Die Lidl/Aldi Produkte sind häufig ihren Preis mehr als wert, keine Frage.
Die letzten Aldi laufschuhe wurden z.b. sogar vom deutschen Entwicklungspapst für Laufschuhe "abgesegnet".
Nur geschicktes Marketing oder einfach gute Qualität...?

Die Discounterprodukte bedienen sicherlich nicht den Snobeffekt mancher Konsumenten, haben nicht die "Exklusivität" von Markenprodukten.

Aber die Bike Produkte z.b. sprechen auch nicht in erster Linie diejenigen an deren einizges Hobby Biken ist, die im Jahr tausende von km mit dem Rad unterwegs sind...

Ich hab die Lidl Bike Regenjacke vom letzten mal, bin sehr zufrieden damit, Alpenüberquerungen und stundenlange Touren im Starkregen habe ich damit keine vor.
Sie passt, ist dicht, sieht dabei nichtmal schlecht aus. was will man mehr?

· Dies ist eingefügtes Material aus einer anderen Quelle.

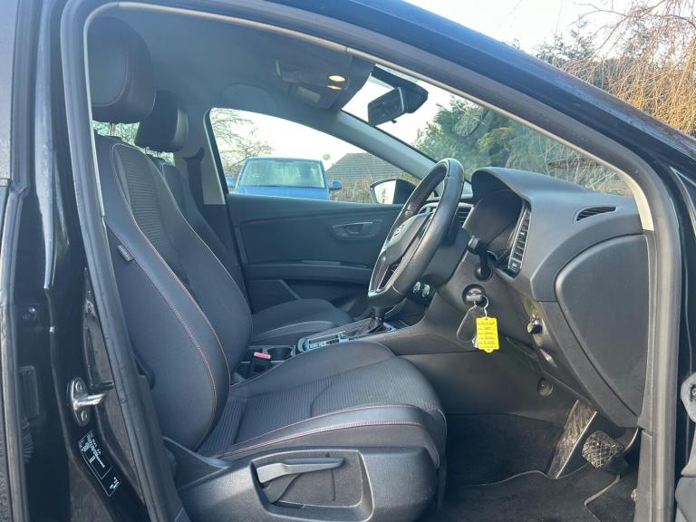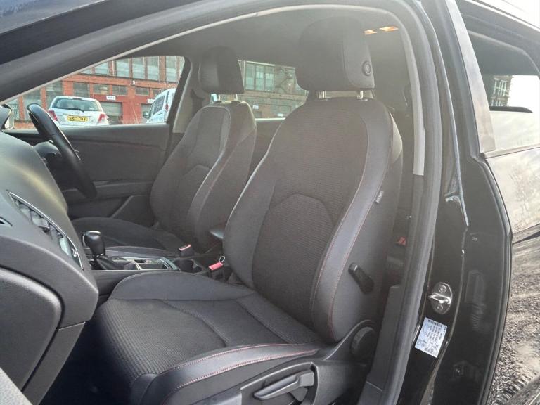 1 Previous Owner, Service History, Service Intervals; 15k, 43k, 49k, 57k, 70k, 82k, 90k, Timing Belt Done @ 70k, Daytime Running Lights, Multifunctional Steering Wheel, Parking Sensors, Full Electric Windows, Electric Folding Side Mirrors, Heated Side Mirrors, Central Locking, Front & Rear Fog Lights, Electric Handbrake, Auto Hold, Cup Holders, Driving Modes; Eco, Sport, Dual Climate Control, AC, Auto Stop/Stop System, On Board Touch Screen, Bluetooth, Android Auto/Apple CarPlay, DAB Radio, Cruise Control, Paddle Shifters, 2x Keys.This 2017 SEAT Leon EcoTSI FR Technology is a superb example with a clear vehicle history check and only two previous owners. It boasts a responsive 1.4 litre petrol engine, meeting Euro 6 emissions standards, and comes equipped with the desirable FR Technology trim. Inside, you'll find the convenience of Full Link, offering seamless integration with Android Auto and Apple CarPlay, alongside a Media System Plus with Bluetooth connectivity. Enjoy personalised comfort with Dual Zone Climate Control and navigate with ease thanks to the integrated Navigation System, also featuring Bluetooth. Parking is made simpler with rear parking sensors.This SEAT Leon stands out with its impressive fuel economy, achieving a remarkable 57 miles per gallon, and its low CO2 emissions. The acceleration is also noteworthy, reaching 0 to 62 miles per hour in just 8.2 seconds, demonstrating a strong balance between performance and efficiency. Furthermore, you'll appreciate the generous boot space, making it a practical choice for everyday use and longer journeys, offering more versatility than many comparable vehicles.

Die Unterhemden sind spitze, auch wenn manche meinen sie seien zu dick.
Ich fahre sie z.b. mit einem dünnen Odlo Trikot auch bei 38 Grad (vor 2 wochen).
Einen eklatanten Unterschied zu meinem Adidas techfit Hemd habe ich nicht festgestellt, obwohl adidas natürlich irgendwie schöner klingt...

Sie kleine Pumpe hab ich mir auch gekauft, hergliehen und bekam sie mit abgebrochenem Manometer wieder zurück...
Was nicht zwingend an der Qualität der Pumpe lag.

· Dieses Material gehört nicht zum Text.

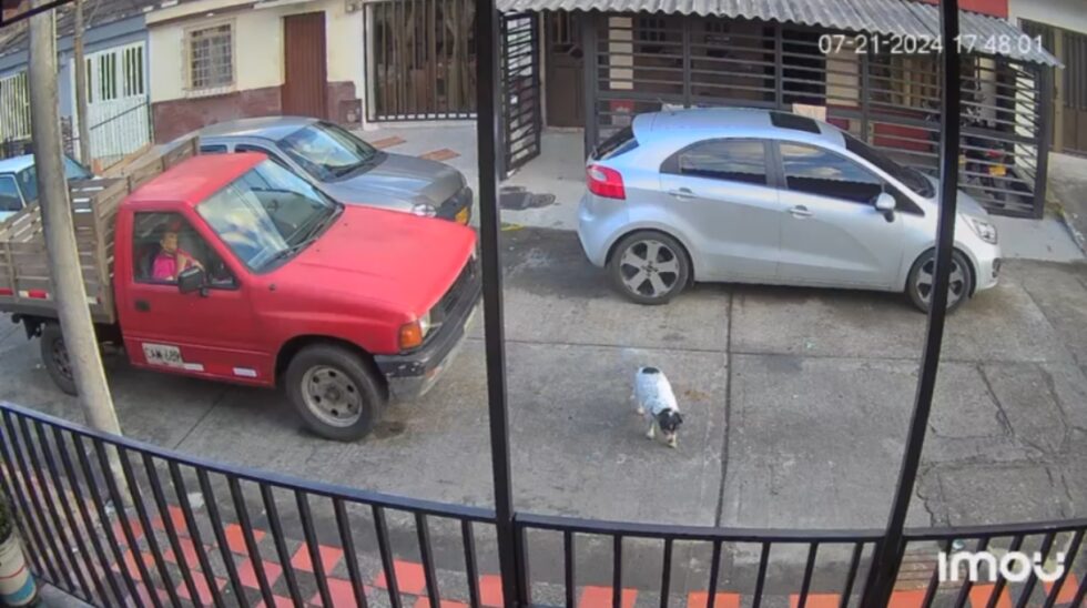 Una cámara de vigilancia captó el momento en el que un conductor en un camión atropelló a un canino en el barrio Kennedy, en Pereira.

Ich hab auch seit ca. 20 jahren einen sks Rennkompressor und kann aus persönlicher/aktueller Erfahrung heraus sks und deren überragenden Service nur absolut weiterempfehlen!

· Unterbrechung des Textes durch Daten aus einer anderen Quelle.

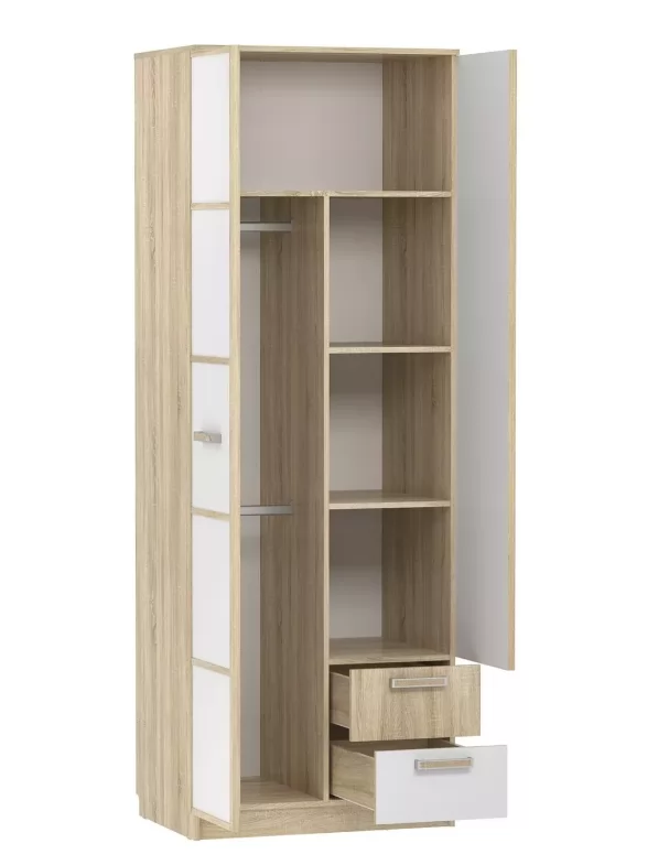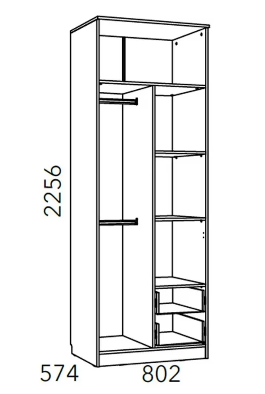Ширина (мм): 802 Высота (мм): 2256 Глубина (мм): 574 Цвет: Белый/Дуб сонома Материал: ЛДСП/МДФ Вес, кг: 92.7 Объем, м3: 0.213 Количество упаковок: 3 Гарантия: 24 месяца Коллекция: Фанк Петли: Накладная 90 Ручка: С-31, ручка-скоба пластик Наличие ящиков: Есть Количество дверей: Двухдверный

Die moralischen Statements sind schön und gut aber wo fängt man an und wo hört man da auf?
Bei uns regt sich kaum jemand drüber auf, wenn sich "seine Firma" mit billigen Sklaven von Leiharbeitsfirmen und Personaldienstleistern über Wasser hält...


----------



## MTB-News.de




----------



## MucPaul (5. Juli 2013)

Biker-SW schrieb:


> Hab ja schon mehrere Outfits zum Biken. Mir ging es Hauptsächlich um den Rucksack.
> http://www.lidl.de/de/Purer-Fahrspass-ab-08-07-/CRIVIT-Fahrrad-Rucksack



Musst Du schauen, ob der was taugt. Einen sehr ähnlichen gab es bei Aldi vor kurzem und ich hatte ihn nach kurzer Durchsicht zurückgelegt. Der war sehr einfach verarbeitet, sprich die Polsterung war mehr als simpel. Und Reissverschlüsse waren nur einfach genäht. Das reisst nach 10x Benutzen aus. Wie gesagt, musst Du in die Hand nehmen und testen. Die Hersteller wechseln sich ja ab, wer Aldi das billigste Angebot macht.

Weiss jemand was zu dem kommenden Ultraleicht-Rucksack bei Lidl?
http://www.lidl.de/de/NICHTS-kann-Dich-stoppen-ab-11-07-/CRIVIT-Leichtgewichts-Rucksack


----------



## der_waldfee_28 (6. Juli 2013)

Also optisch gefallen mir die LIDL Rucksäckchen...


----------



## Tesla71 (6. Juli 2013)

MucPaul schrieb:


> Weiss jemand was zu dem kommenden Ultraleicht-Rucksack bei Lidl?
> http://www.lidl.de/de/NICHTS-kann-Dich-stoppen-ab-11-07-/CRIVIT-Leichtgewichts-Rucksack



Ich habe mir den letztes Jahr gekauft. Das Ding taugt für die paar Kröten auf jeden Fall was. 
Was mich stört ist, daß man zwar eine Blase damit verwenden kann, es auch einen Halter für den Schlauch gibt, aber keinen anständigen Ausgang aus dem Rucksack. Du mußt den Reißverschluß halt oben ein Stück auflassen und mit Karabinerhacken oder so zusammenhalten. 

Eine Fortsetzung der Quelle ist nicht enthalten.